Robots: Humans' Dependable Helpers

Research and Development in Robotic Systems

Biomechanical Thresholds from Other Applications (KAN Study)

Humans and robots will be sharing work areas more and more frequently in the near future and often working together hand-in-hand. Rather than by protective barriers, new safety sensors or safe manipulators will assure human safety. Whenever a person comes into contact with a robot, a distinction must be made between desired contact and a collision to assess the risk. Generally, the biomechanical load on humans must be limited to a tolerable and safe level in both types of contact. The relevant standard DIN EN ISO 10218 is currently supplemented by ISO TS 15066 with the goal of stipulating clear specifications for safe design and set-up of work areas with human-robot collaboration.

Accident insurers require a clear differentiation of the classification of tolerable loads from current categories of injury severity S1 (reversible injuries) and S2 (irreversible injuries or death).
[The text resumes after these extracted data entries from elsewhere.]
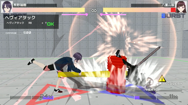 リーチがそこそこあり、手前に吹き飛ばし、硬直時間がそこそこあるが受身不能時間も長いため空中ヒットすればノーマルアタックで拾い直すことができる。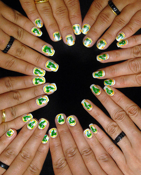 rondonistas exibem unhas pintadas com o símbolo do Projeto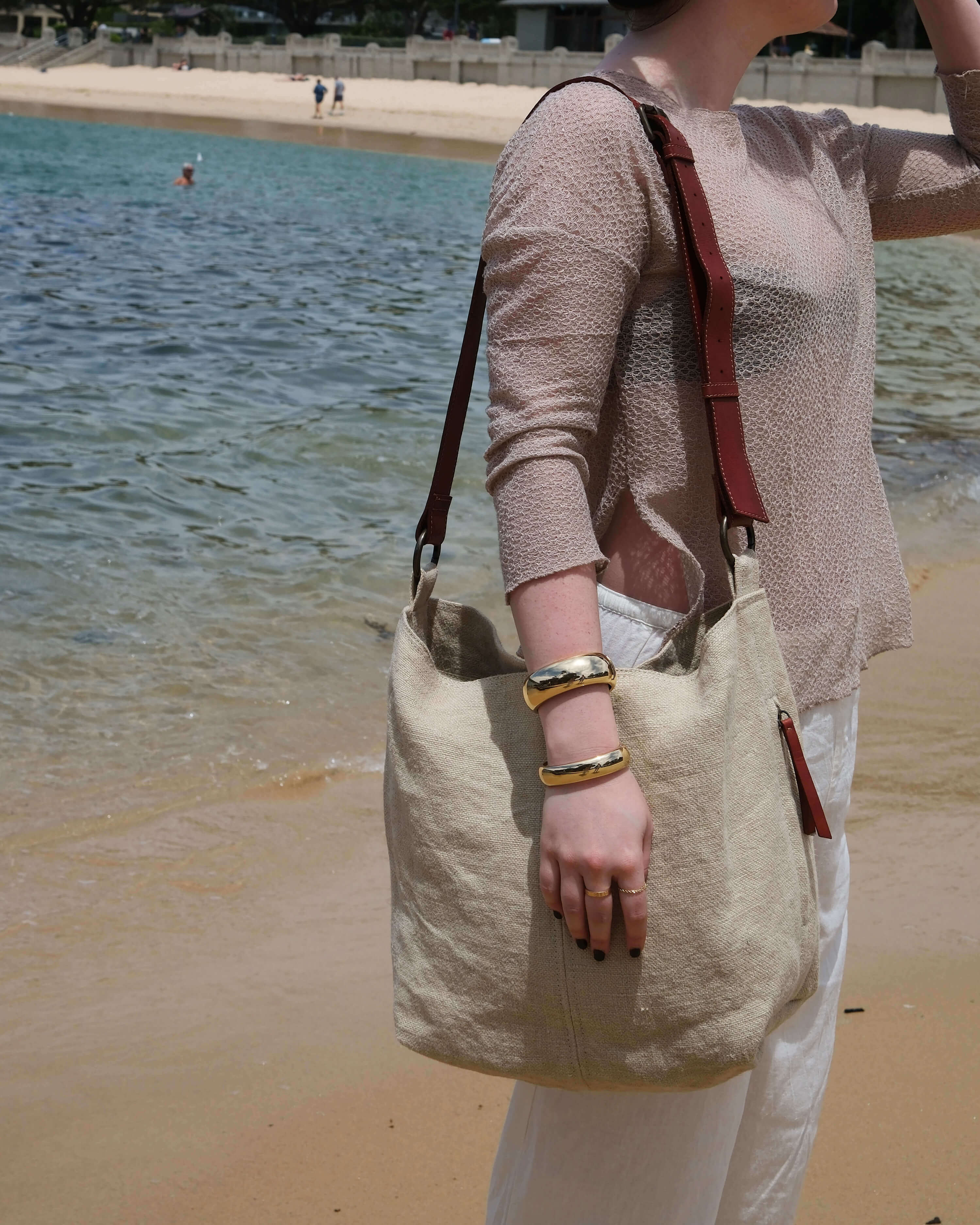 The Baby Jute is a crossbody bag made from jute. This effortlessly cool bag pairs organic construction with a casual, slouchy profile.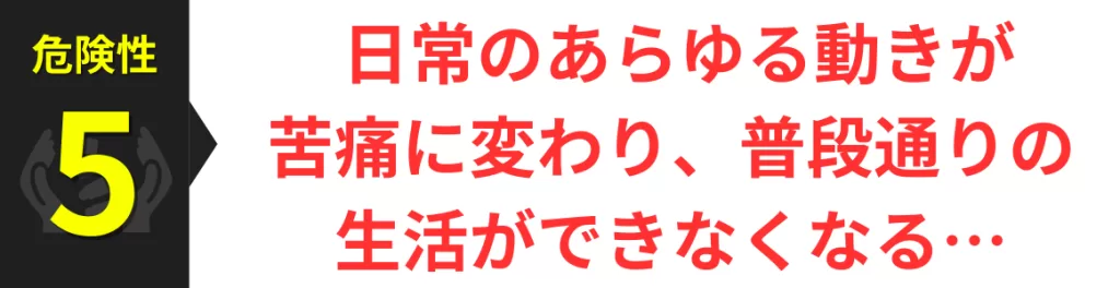 悪化が進むと、痛みや運動障害によって仕事や家事、趣味といった日常生活が難しくなる場合があります。

There is no clear definition from the perspective of occupational safety. As part of the Commission for Occupational Health and Safety and Standardization’s study “Biomechanical thresholds”, the Fraunhofer IFF researched and compiled current situation and further need for biomechanical thresholds for mechanical risk assessments of work areas with human-robot collaboration.

© Fraunhofer IFF

Classification of the new injury severity categories.

The findings of the study will be a solid basis for future studies and are already serving occupational safety experts and manufacturers as an important base of data for concrete problems in risk assessment. During the study, an extensive literature search compiled 1000 titles with information relevant to biomechanical thresholds in the context of this study. Custom tools and methods developed during the study were used to search the literature. A large number of stress-strain relationships were excerpted from the 1000 searched titles and entered in a database that exports informative datasheets with all important data. The database is being added to continuously and will serve as a publicly accessible reference work on critical loads in the future.

In addition to the literature search, recommendations for the definition of a new injury severity category S0 and the structuring of biomechanical load parameters or stress-strain relationships for occupational safety were also formulated in the study. The following proposed definition was formulated in collaboration with occupational safety experts and physicians: “The S0 injury severity category would only include superficial injuries that heal completely without any medical treatment. Skin breakage would not be per-mitted and would therefore be excluded from this category.” The category would be introduced above the absolutely harmless level H, the transition of which would correspond to the onset of pain on the S0 level.